Same-sex couples who live together have worse health than married opposite-sex couples and similar health as opposite-sex couples who are living together (after adjusting for socioeconomic differences), according to a new study from researchers at Rice University.
"Families, Resources and Adult Health: Where Do Sexual Minorities Fit?" is one of the first studies comparing the health of married couples, cohabitating opposite-sex couples and cohabiting same-sex couples. The study appears in the March 2013 Journal of Health and Social Behavior.
"Previous studies have indicated there are health disadvantages to living together versus being married, but almost no previous research has focused on same-sex couples," said Justin Denney, assistant professor of sociology, associate director of the Kinder Institute Urban Health Program at Rice and the study's lead author. "This study is one of the first to show that the mental and physical health disadvantages of unmarried couples living together may extend to same-sex couples."
Denney said the findings were somewhat surprising given that previous research documents a strong positive relationship between higher socio-economic status and good health. The study showed that cohabitating same-sex couples have greater socio-economic resources than both married couples and cohabiting opposite-sex couples. Same-sex couples have average household incomes of $10,000 more per year than married couples and approximately $18,000 more per year than cohabiting opposite-sex couples, and they have approximately one more year of education.

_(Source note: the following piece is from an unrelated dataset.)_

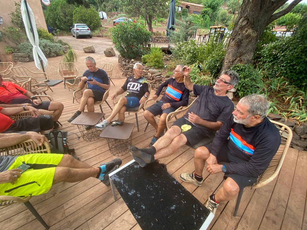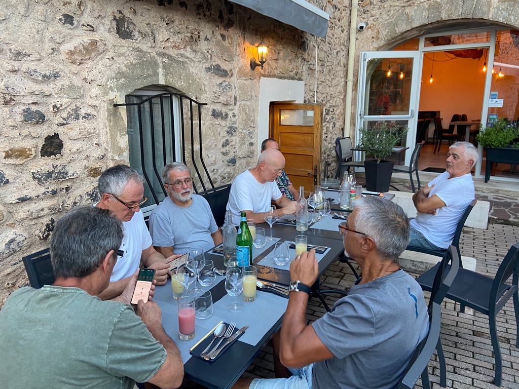 La semaine précédant le séjour, la météo annonçait un épisode cévennol et on craignait d'être obligé d'organiser un tournoi de tarot pendant 3 jours. Du coup comme la météo était favorable pour le lundi, Robert, Philippe et Jean-Michel ont décidé de partir le lundi matin pour faire le tour du lac quitte à le refaire le mardi avec le guide si le temps le permettait. Le reste de la troupe est arrivé le lundi soir et on s'est tous retrouvé autour d'une table à Lodève avant de prendre possession de nos appartements à l'hotel La Calade à Octon. Heureusement, la météo s'est encore trompée et nous avons pu faire les 3 sorties concoctées par Julien sans trouver la pluie.

Denney said that their research showed that health disadvantages between the two types of cohabiting couples occur for different reasons. For opposite-sex cohabiters, health disadvantages are partially the result of lower socio-economic status; for same-sex couples, the causes of the health disadvantages are undetermined but are not tied to socio-economic status, he said.
"Our research shows that cohabitating opposite-sex couples have fewer resources than married opposite-sex couples and are less likely to share the resources that they do have (such as health insurance and bank accounts) that can be leveraged toward better health," Denney said. "However, the study shows that cohabitating same-sex couples are socio-economically advantaged and similar to married opposite-sex couples in their tendencies to share resources within a relationship that can positively impact health."
Bridget Gorman, professor of sociology at Rice and the study's co-author, said that given the socio-economic advantages of cohabiting same-sex couples, it's unclear why they report equally poor health as cohabiting opposite-sex couples and worse health than married opposite-sex couples. However, she theorizes that there are factors not measured in their study that could have a negative impact on the health of cohabiting same-sex couples.
"Based on previous research linking health to socio-economic status, one might expect cohabitating same-sex couples to report the best health," she said. "However, our survey has no direct measures of stress from discriminatory experiences and that may be playing a part that we can't assess."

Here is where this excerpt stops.